В 1853 году Фет перешел в гвардейский уланский полк, расквартированный близ Волхова; в Крымскую кампанию находился в составе войск, охранявших Эстляндское побережье. Таким образом он получил возможность бывать изредка в Петербурге, где сблизился с новой редакцией «Современника» — Некрасовым, Тургеневым, А. Дружининым, В. Боткиным. Полузабытое имя Афанасия Фета появляется в статьях, обзорах, хронике ведущего российского журнала, с 1854 года там широко печатаются его стихи.
В 1856 году появилось новое издание стихотворений Фета. В том же году  Фет оставил военную службу, так и не выслужив дворянства, поскольку планка все время повышалась: чтобы стать дворянином, нужно было получить уже чин полковника. Благодаря литературным заработкам Фет получил возможность совершить путешествие по Европе.
А в 1857 в Париже женился (по расчету, без малейшей любви) на дочери богатейшего чаеторговца и сестре своего почитателя В. Боткина — немолодой и некрасивой Марии Петровне, получив за ней солидное приданое, позволившее приобрести поместье в Мценском уезде. По-видимому, этот брак был исполнением той части жизненного плана, о которой он другу после смерти Марии Лазич:
«Итак, идеальный мир мой разрушен давно <…>. Ищу хозяйку, с которой буду жить, не понимая друг друга <…>. Если никто никогда не услышит жалоб моих на такое непонимание друг друга, то я буду убежден, что я исполнил свою обязанность, и только».

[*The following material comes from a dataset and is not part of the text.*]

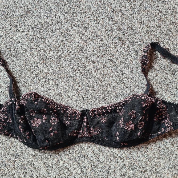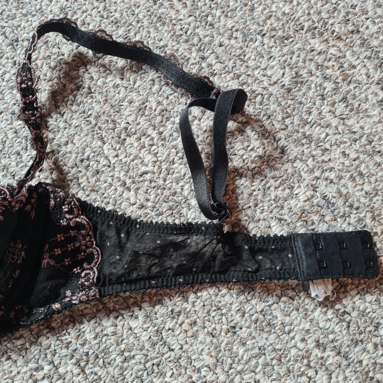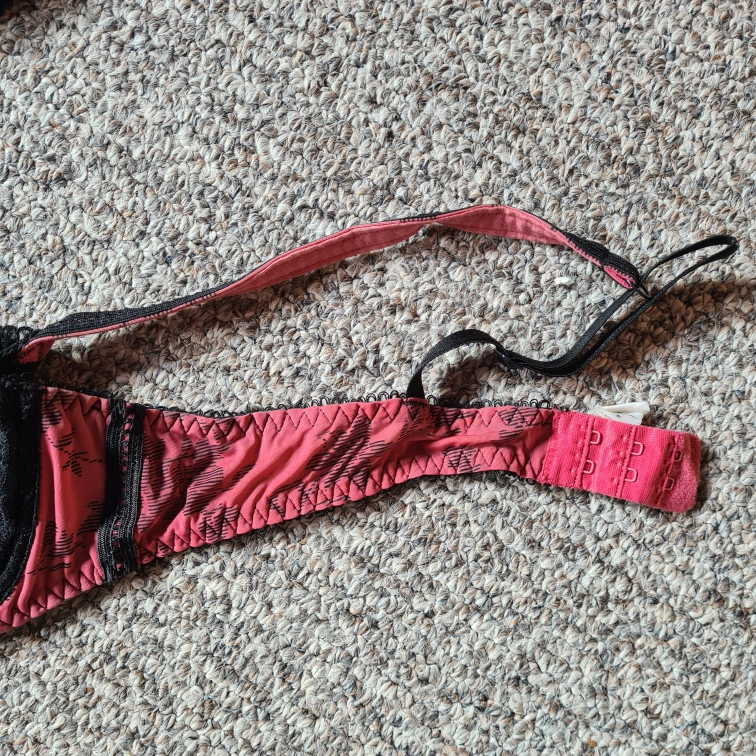 Bundle of 2 bras. 1 is black and pink. 1 is black with pink pattern.

Женой. Марья Петровна оказалась хорошей спокойной, хозяйственной, применявшейся к характеру Фета.
«Он сделался теперь агрономом — хозяином до отчаянности, отпустил бороду до чресл... о литературе слышать не хочет и журналы ругает с энтузиазмом», — так комментировал произошедшие с Фетом перемены И. С. Тургенев. И действительно, в течение долгого времени из-под пера талантливого поэта выходили только обличительные статьи о пореформенном состоянии сельского хозяйства, которые с удовольствием публиковали в реакционном «Русском вестнике».
Но еще до этого, в 1859 году, Фет решительно порвал все отношения с журналом «Современник».
«Людям не нужна моя литература, а мне не нужны дураки», — написал Фет в письме к одному из своих знакомых, намекая на отсутствие интереса и непонимание со стороны современников, увлеченных гражданской поэзией и идеями народничества.
Современники отвечали тем же:
«Все они (стихи Фета) такого содержания, что их могла бы написать лошадь, если бы выучилась писать стихи», — так звучит хрестоматийная оценка Николая Гавриловича Чернышевского.
Вот уж кому следовало бы быть поскромнее. Если бы лошадь выучилась писать прозой, ее произведения были бы наверняка профессиональнее того, что создал Чернышевский. Но это мое частное мнение, которое я никому не навязываю.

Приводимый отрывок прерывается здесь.